The two subsections above have discussed the semantic tests for distinguishing clause and VP adverbs. The examples in (17a) and (17b) show that the two paraphrases are often mutually exclusive: modal adverbs like waarschijnlijk cannot be used in an ... en pronoundoet datadverb clause, and manner adverbs like snel cannot be used in the het is adverb zo dat ... frame.

Example 17
a. * Jan gaat naar Groningen en hij doet dat waarschijnlijk.
  Jan goes  to Groningen  and  he  does  that  probably
b. * Het is snel zo dat Jan naar de bakker rent.

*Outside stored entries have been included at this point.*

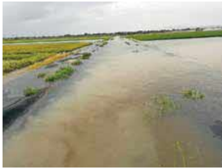
▲田んぼに水が溜まり、農作物の被害が出た横島地区

台風や突然の線状降水帯の発生といった災害の頻発化に備え、排水を阻害する河川や水路内の堆積土砂の撤去や樹木の伐採を早急に実施する。冠水しやすい場所は事前に排水用ポンプを設置し被害の最小化に努める。中長期的な対策として、冠水箇所の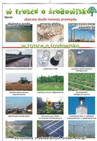
W trosce o środowisko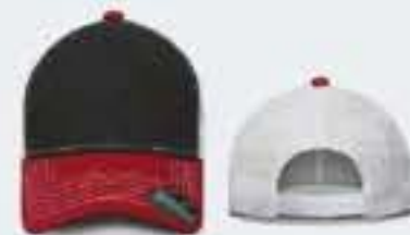
NEGRO/ROJO/BLANCO SKU: 10492-01019 UNITALLA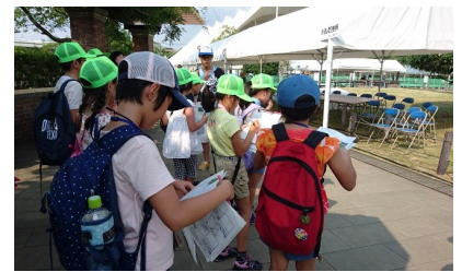
ピースフォーラムでのフィールドワーク

長崎で見て感じたことを一生忘れてはいけないと思いました。この体験を色々な人たちに伝えていきたいと思いました。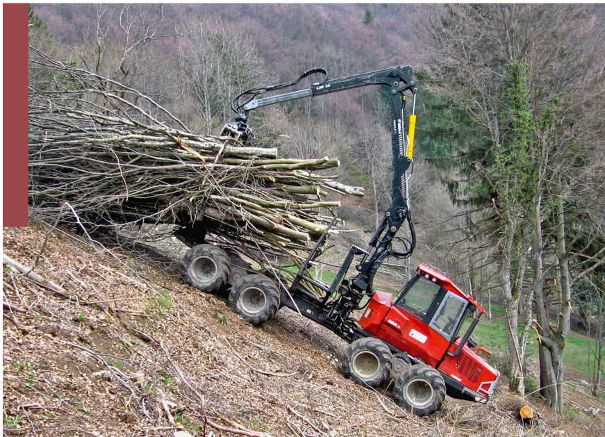
Fig. 4 Travaux conséquents en vue de la revitalisation d'un pâturage boisé sec totalement refermé. Montmelon (JU).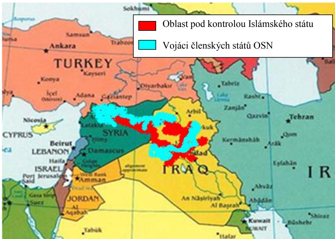
Obr. 5: Mapa boje proti Islámskému státu (prosinec 2019)

vidět, že oblast, kde jsou vojáci členských států OSN, je poměrně menší ve srovnání s Islámským státem, ale důležitým měřítkem je, že vojáci členských států OSN, potlačují Islámský stát.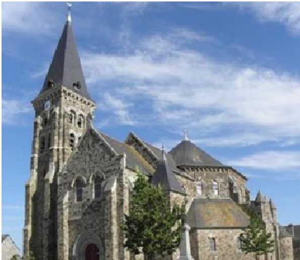
Iglesia de Saint-Méen-et-Sainte-Croix en La Fresnais

Puerta de entrada a los demás países de Europa y del mundo a través de sus puertos ( Nantes, Lorient, Brest ), Bretaña parece emerger de las aguas del océano Atlántico que se estrellan sobre ella durante las tormentas del equinoccio.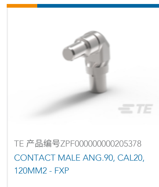
TE 产品编号 ZPF000000000205378 CONTACT MALE ANG.90, CAL20, 120MM2 - FXP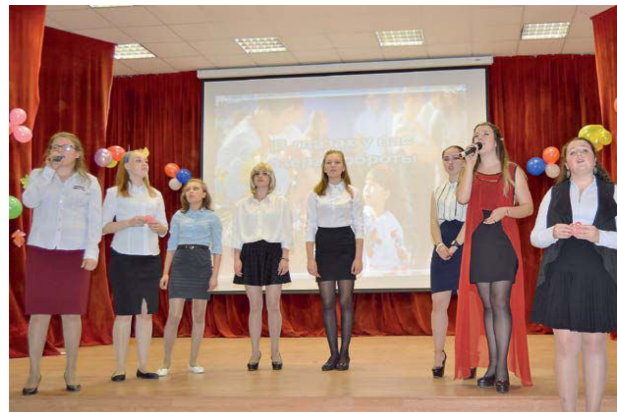
Поздравление педагогов с профессиональным праздником «День учителя» от директора и студентов НТТМПС. 05.10.2017 г.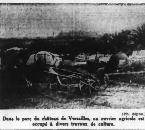
Dans le parc du château de Versailles, un ouvrier agricole est occupé à divers travaux de culture.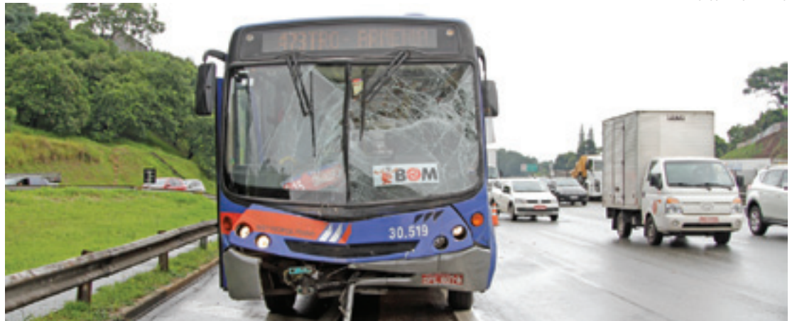
Destruição - Forte choque entre ônibus e van deixou quatro passageiros feridos; todas as vítimas estão bem

As quatro pessoas feridas, que estavam na van, foram resgatadas pelo Corpo de Bombeiros e encaminhadas ao hospital. Todas passam bem. O helicóptero Águia da Polícia Militar ajudou a fazer o resgate dos feridos.

  it  is fast  the.case  that  Jan to the bakery  runs

However, this does not hold for all adverbs. Adverbs of time like morgen'tomorrow', for example, can often be used both as a sentence adverb and as a VP adverb, which is also reflected in that they may either precede or follow adverbs like waarschijnlijk, which must be interpreted as clausal adverbs according to the adverb test in the primed examples.

Example 18
a. Jan wordt morgen (waarschijnlijk) ontslagen.

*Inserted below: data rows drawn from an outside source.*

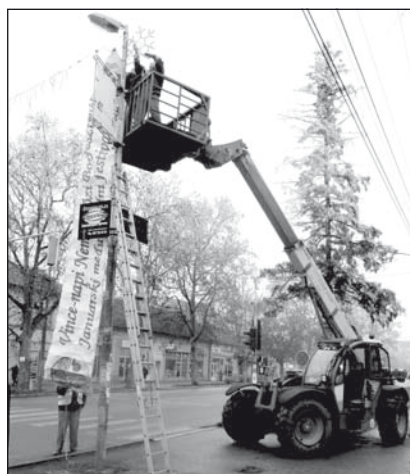
A borversenyt hirdető plakát felhelyezése a főutcán

A Kertbarátkör által eredetileg kistermelők számára szervezett rendezvényen ma már nagy pincészetek is részt vesznek. Szerbián kívüli, környező országokból is érkeznek mind borászok mind bírák. Az eseményt figyelemmel kíséri a sajtó, alább a Pannon tévé riportjából idézünk, amely a sajtótájékoztatón készült: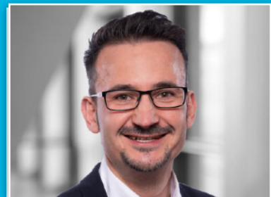
Dr. Anna Christmann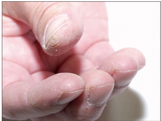
Obr. 8. Fisury na prstech.

Začínají většinou na palcích, ale mohou postihnout i jiné prsty (obr. 9), častá je opět sekundární infekce.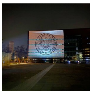
Próba generalna projekcji na Narodowym Forum Muzyki

godz. 19:30 – wielkoformatowy pokaz specjalny filmu IPN „Stan wojenny. Historia oporu” na fasadzie budynku Narodowego Forum Muzyki (pl. Wolności).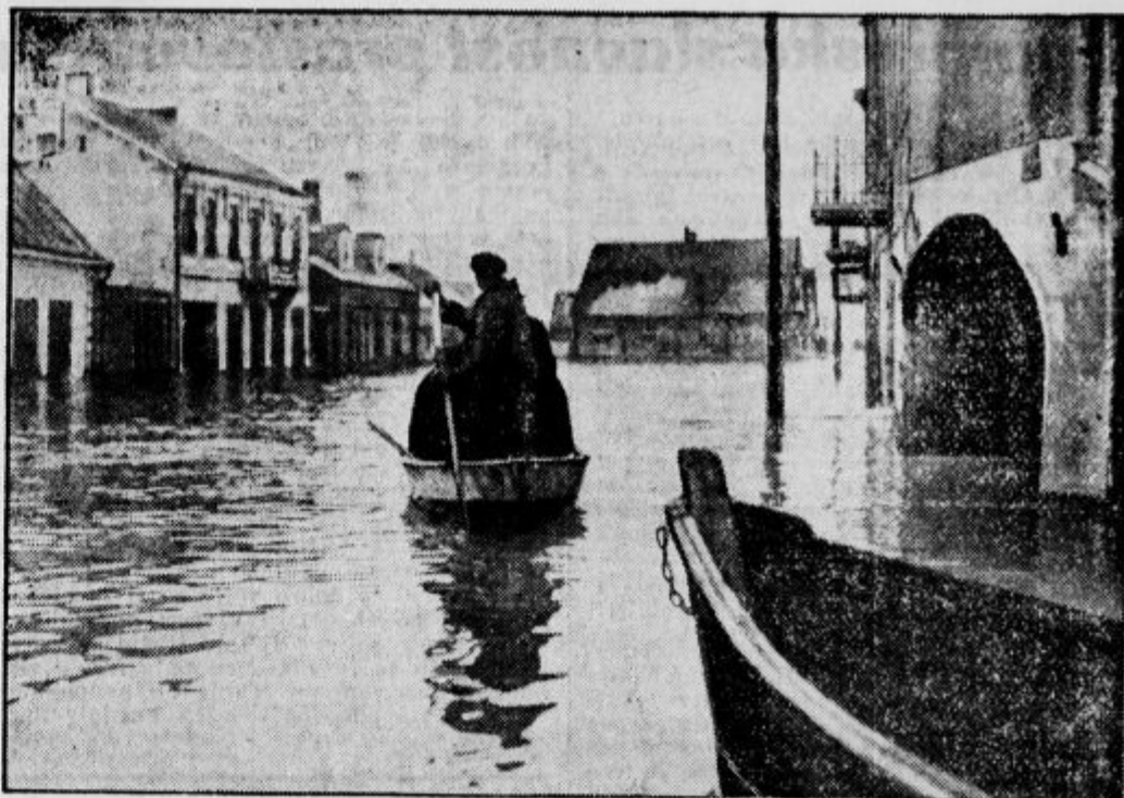
Povodnji v Kovnu, litovskem glavnem mestu so povzročile veliko škodo. Nekateri deli mesta in tovarne stoje do 2 in pol metra v vodi. Voda je narasla za 7 metrov, kar se že 30 let ni zgodilo.

»Prosim, gospod, tukaj je vaša črna kava, naravnost iz Brazilije smo jo dobili.« »Saj zato — tam ste torej bili toliko časa.«

  Jan be  tomorrow   probably  fired
  'Tomorrow, John will (probably) be fired.'
a'. Het is morgen (waarschijnlijk) zo dat Jan ontslagen wordt.
  it  is tomorrow   probably  the.case  that  Jan  fired  be
b. Jan wordt (waarschijnlijk) morgen ontslagen.
  Jan be  probably  tomorrow  fired
  'John will (probably) be fired tomorrow.'
b'. Het is waarschijnlijk zo dat Jan morgen ontslagen wordt.